The Australian Lawyers Alliance is preparing to meet with the New South Wales attorney general to lobby for reform against the “disgraceful” tactics employed by churches and other institutions to prevent abuse survivors from pursuing justice.
A Guardian investigation – based on interviews with 13 lawyers, analysis of court records, and discussions with survivors and their advocates – found earlier this year that churches and other institutions are now routinely seeking permanent stays in cases where perpetrators have died, arguing they cannot possibly receive a fair trial.
Where successful, the tactic permanently halts a survivor’s claim without any compensation. The mere threat of a stay is also being used to lowball survivors during settlement negotiations.
The tactic effectively relies on the passing of time to deny a survivor access to justice, despite the fact that – in many instances – institutions have themselves been the architects of so much delay, including by concealing abuse from law enforcement, deliberately not keeping documentary evidence and shuffling known paedophiles around the country when detected.
Critics, including Francis Sullivan, the former head of the Catholic church’s response to the royal commission, says the new tactics amount to “another layer of abuse” for survivors, a failure of moral leadership and another example of institutions wrongly prioritising the advice of lawyers and insurance companies.
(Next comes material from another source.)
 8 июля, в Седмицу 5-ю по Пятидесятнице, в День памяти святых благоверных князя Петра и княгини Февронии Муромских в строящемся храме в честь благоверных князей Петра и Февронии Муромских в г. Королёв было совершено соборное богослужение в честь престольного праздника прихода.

Dr Andrew Morrison KC, a barrister and ALA spokesperson, described the conduct of institutions in routinely pushing for stays as “disgraceful” and “extraordinary”.
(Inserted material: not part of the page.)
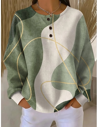 Naisten Pullover-huppari Napit Kuvitettu Geometrinen Muoti Vapaa-aika Painettu Pitkähihainen Tiukka pyöreä kaula-aukko Tavalliset topit Kausaliteetti Koti Työ Musta Punastuvan vaaleanpunainen Oranssi

“It is a matter of deep concern to the Australian Lawyers Alliance that abusive institutions are getting away with it, in circumstances where the trial might be less than perfect, but would still be reasonably fair,” he said.
“We’ve already made submissions to the former NSW attorney general and current NSW attorney general and we have a further meeting coming up, on which I’ll be speaking to him about this subject as to a solution.”
Morrison said he plans to present Daley with suggested legislation that would limit the circumstances in which a stay can be sought in historical abuse cases. The changes would prevent, for example, an institution relying on an absence of records to support its claim that it could not possibly receive a fair trial.
“In general these institutions have taken great care not to take records or to make sure that records go missing. In particular, some of them have kept no proper records of complaints made in respect of particular abusers,” he said. “So it’s a disgraceful situation that they should be able to take advantage of that to avoid proper compensation.”
A spokesperson for Daley said the NSW government was awaiting the outcome of a key high court case being heard next week involving GLJ, an abuse survivor who had her claim stayed on the basis that the alleged perpetrator, Lismore priest Father Clarence Anderson, had died.
In that case, court documents show the church had known of other complaints against Anderson before GLJ’s abuse but failed to remove him from circulation, instead shuffling him through various NSW parishes.
The high court’s decision in her case could reshape the way in which institutions are able to seek stays. But many lawyers believe that legislative reform will be needed regardless of what the high court finds.
The issue of permanent stays was considered by the royal commission. It recommended that institutions retain the power to use stay applications to prevent unfair trials due to delay.
Critics say the royal commission could not have envisaged that they would be used in a routine fashion in cases where perpetrators have died, given it takes on average 22 years for survivors to come forward.
“It’s quite extraordinary the circumstances in which they’re being granted, even in respect of institutions where they knew about abusive people and failed to take any useful action to stop them continuing their abuse,” Morrison said, not referring to any specific case. “That’s an absolute disgrace that they should be able to get a stay of claims against them.”